Explain the sequence of steps to execute this code, carefully explaining where each piece of software runs (i.e. which device):
  1. The developer writes an Appium test script using a programming language like Java, Python, Ruby, or JavaScript on their computer. The script uses the Appium client library to send commands to the Appium server.
  2. The developer starts the Appium server on their computer. The server listens on a specified IP address and port number for incoming connections from the Appium client.
  3. The developer connects the Android device to their computer using a USB cable and enables USB debugging mode on the device.
  4. The developer installs the MyTaskList application on the Android device using the Android Debug Bridge (ADB) command-line tool on their computer.
  5. The developer runs the Appium test script on their computer by executing the script using a tool like Maven or Gradle or by running it directly from an IDE like Eclipse or IntelliJ IDEA.
  6. The Appium client in the test script sends a command to the Appium server to start a new session with the MyTaskList Android app.
  7. The Appium server starts the MyTaskList Android app on the connected device and installs the Appium bootstrap application on the device.
  8. The Appium server establishes a socket connection with the bootstrap application on the device over the ADB.
  9. The Appium client sends a command to the Appium server to find the button element with the text "Add Task" in the MyTaskList Android app.
  10. The Appium server sends a command to the bootstrap application over the socket connection to find the button element using the UIAutomator framework on the device.
  11. The bootstrap application uses the UIAutomator framework to find the button element with the text "Add Task" and sends the element information back to the Appium server over the socket connection.
  12. The Appium server sends a command to the bootstrap application over the socket connection to click on the button element using the UIAutomator framework on the device.
  13. The bootstrap application uses the UIAutomator framework to click on the "Add Task" button in the MyTaskList Android app and sends the result back to the Appium server over the socket connection.

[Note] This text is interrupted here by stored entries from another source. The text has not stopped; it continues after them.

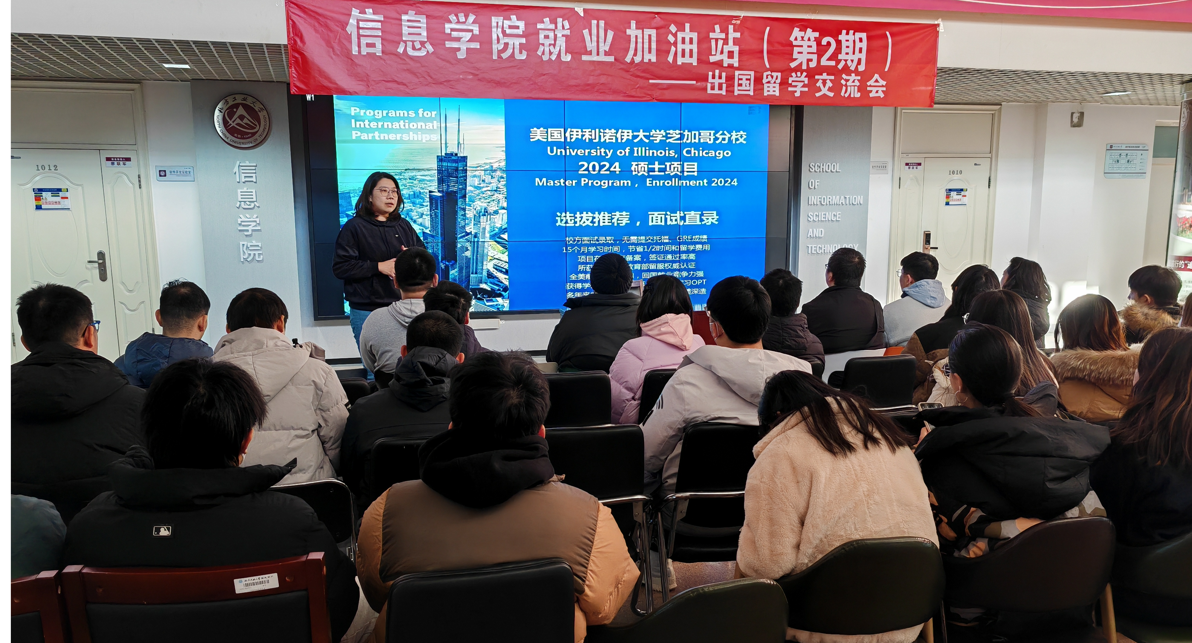 为帮助信息学院2024届毕业生深入了解留学的相关信息,拓宽同学们国际视野,帮助毕业生职业规划。12月19日信息学院邀请了伊利诺伊大学芝加哥分校(UIC)硕士项目高级顾问高婧雅,在瀚学楼10层大厅举办了“就业加油站”(第2讲)——出国留学经验交流沙龙。信息学院党委副书记陈卫、就业辅导员李伟、陈煦婷以及2024届毕业生30余人参加。陈卫对UIC硕士项目高级顾问高婧雅长期以来对学院就业工作的支持表示感谢,向高婧雅老师颁发了信...
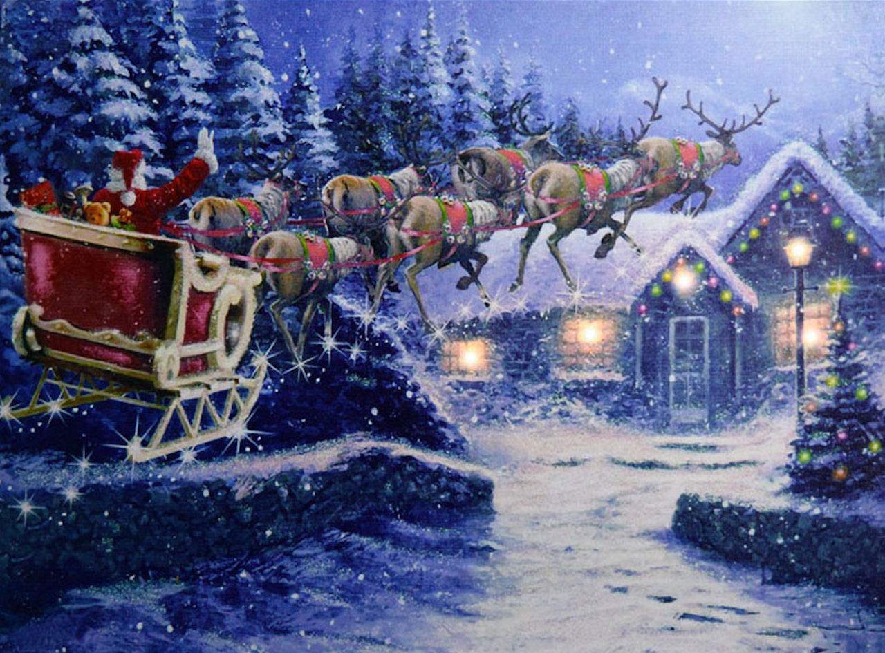 Quadro Led 60x40 In Tela Con Babbo Natale Su Slitta Il Villaggio Di Babbo Natale
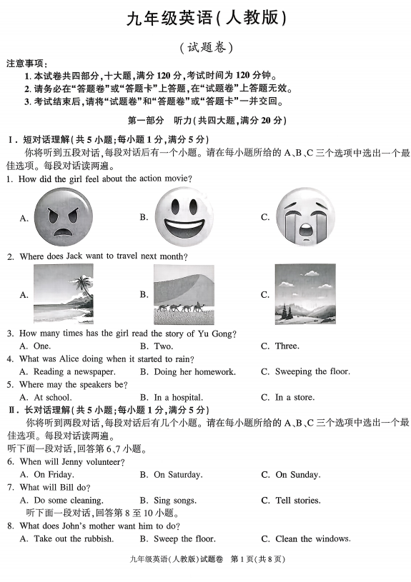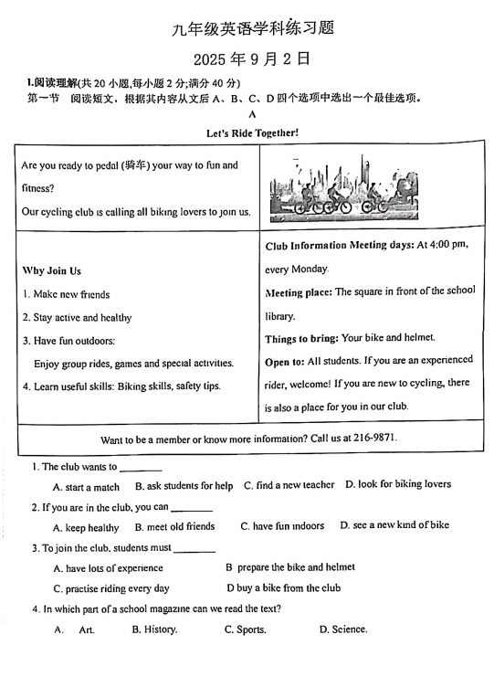 安徽潜山市三中2025-2026学年九年级上学期开学考试英语试卷

  14. The Appium client in the test script receives the result of the click command and continues with the next step in the test script.

Conclusion

Hold up, that didn't explain why "web server" is all over the Appium documentation for Android native mobile testing. So I asked ChatGPT again and figured out, basically, the Appium server is a web server. The Appium server can be thought of as a web server that implements the WebDriver protocol. It listens for incoming HTTP requests from the client library, processes those requests, and communicates with the Android device (or iOS device) to perform the desired actions. Appium server uses the WebDriver protocol, which is a RESTful API based on JSON Wire Protocol. The client library sends commands as HTTP requests to the Appium server, and the server responds with HTTP responses. This allows Appium to provide a language-agnostic API for test scripts, as the client libraries can be implemented in various programming languages, all communicating with the Appium server using the same HTTP-based protocol. In summary, the Appium server can be thought of as a web server that implements the WebDriver protocol to enable communication between the test script (running on the developer's computer) and the mobile device (either an Android or iOS device). This communication is done using HTTP requests and responses, with the Appium server acting as a mediator to facilitate the automation of mobile app testing.